By: Scott Chimuk
In, Law Society of Alberta v Higgerty, 2024 ABKB 410, Scott Chimuk acted for 6 different law firms (the “New Firms”) in a receivership application relating to whether a litigation lender was entitled to a charging lien or charging order against files that were transferred by the Custodian to the New Firms following a notice of intention to enforce security by the lender after a law firm (Higgerty Law) went into custodianship.
The transferred files were all contingency files such that no fees would be paid until such time as the files were either settled or resolved by way of trial. Therefore, any potential payments for work performed by Higgerty Law had not yet crystallized at the time of the application.
The lender argued that since it had a security interest in all the property of Higgerty law that this interest gave it all rights and entitlement of Higgerty Law – including the ability to assert a solicitor’s lien in respect of its files.

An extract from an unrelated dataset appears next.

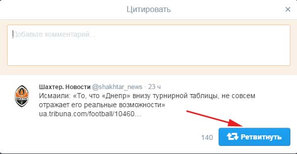 Якщо ви не хочете нічого цитувати і коментувати, а просто зробити ретвіт, то залиште це поле пустим і просто натисніть на кнопку «ретвітнути».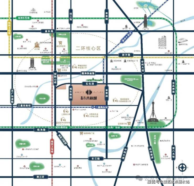 立体交通:2/5/6号线三地铁加持,步行约300米即达6号线二里岗东站(在建中)、5站CBD、7站北龙湖,临未来路等7大主轴,高效通达全城

The New Firms, argued that the lender could not assert such an interest because:
It was not a solicitor and therefore not subject to the regulation of the Law Society;
To allow the lien to be asserted would breach the solicitor client privilege of the former clients of Higgerty law; and
That the Receiver/Custodian was the appropriate party to assert a claim
The Court found that the lender was not entitled to assert a lien on the basis that it did not meet the requirements under either the Rules or the common-law. Because of this finding it was unnecessary to rule on the issues of privilege or Law Society regulation.
In obiter dicta, the Court did leave open the possibility that the custodian/receiver-manager, as opposed to the lender, could potentially assert a solicitor’s lien in recovering the potential proceeds to repay the creditors of Higgerty Law. The application of the lender was therefore dismissed.